### Dataset records
────
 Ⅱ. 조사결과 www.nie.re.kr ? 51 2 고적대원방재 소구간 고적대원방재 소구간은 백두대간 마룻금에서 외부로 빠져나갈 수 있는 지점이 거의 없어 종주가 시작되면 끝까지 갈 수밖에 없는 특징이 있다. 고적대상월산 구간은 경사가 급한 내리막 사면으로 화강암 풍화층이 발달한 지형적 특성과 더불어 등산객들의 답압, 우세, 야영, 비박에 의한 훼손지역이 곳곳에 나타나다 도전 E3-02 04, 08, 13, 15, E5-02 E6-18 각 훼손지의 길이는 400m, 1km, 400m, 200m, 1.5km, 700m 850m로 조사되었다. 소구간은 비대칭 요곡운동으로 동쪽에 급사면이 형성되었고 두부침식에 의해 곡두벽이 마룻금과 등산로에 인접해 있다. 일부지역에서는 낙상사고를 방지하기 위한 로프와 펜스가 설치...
────
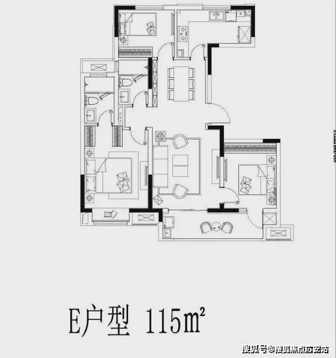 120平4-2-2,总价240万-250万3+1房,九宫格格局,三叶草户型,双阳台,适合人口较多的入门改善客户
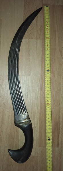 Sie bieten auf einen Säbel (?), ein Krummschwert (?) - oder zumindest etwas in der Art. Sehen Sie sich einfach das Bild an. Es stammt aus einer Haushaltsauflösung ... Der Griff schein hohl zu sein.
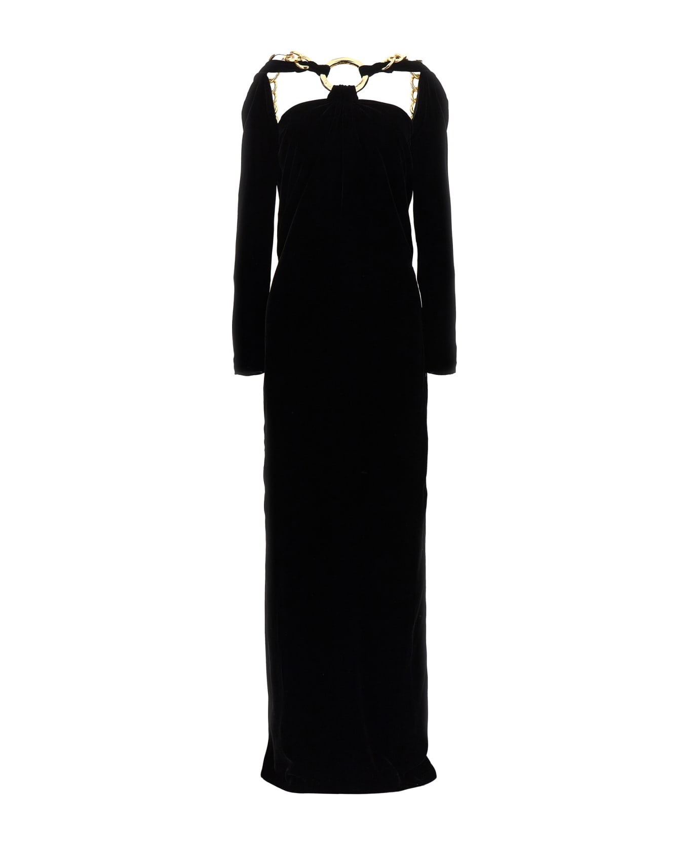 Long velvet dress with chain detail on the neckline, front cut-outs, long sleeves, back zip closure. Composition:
────
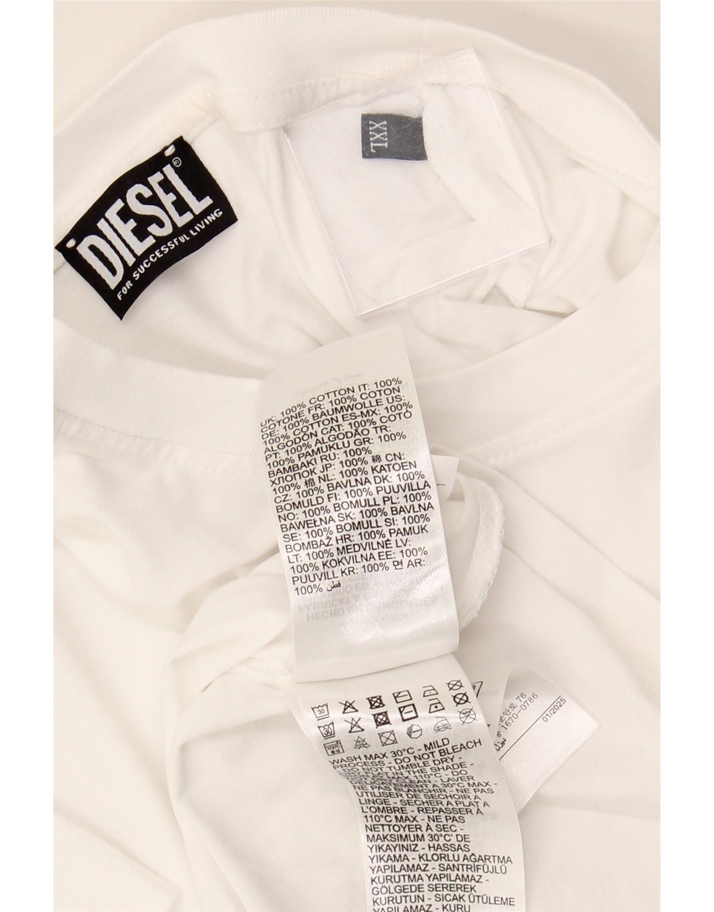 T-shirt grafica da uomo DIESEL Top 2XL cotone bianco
────
### Task brief
Using the data above, print only the lines starting at the one with "120平4-2-2,总价24" and ending at the one with "Long velvet dress", exactly as they stand, minus the pictures.

### Response box
 120平4-2-2,总价240万-250万3+1房,九宫格格局,三叶草户型,双阳台,适合人口较多的入门改善客户
 Sie bieten auf einen Säbel (?), ein Krummschwert (?) - oder zumindest etwas in der Art. Sehen Sie sich einfach das Bild an. Es stammt aus einer Haushaltsauflösung ... Der Griff schein hohl zu sein.
 Long velvet dress with chain detail on the neckline, front cut-outs, long sleeves, back zip closure. Composition:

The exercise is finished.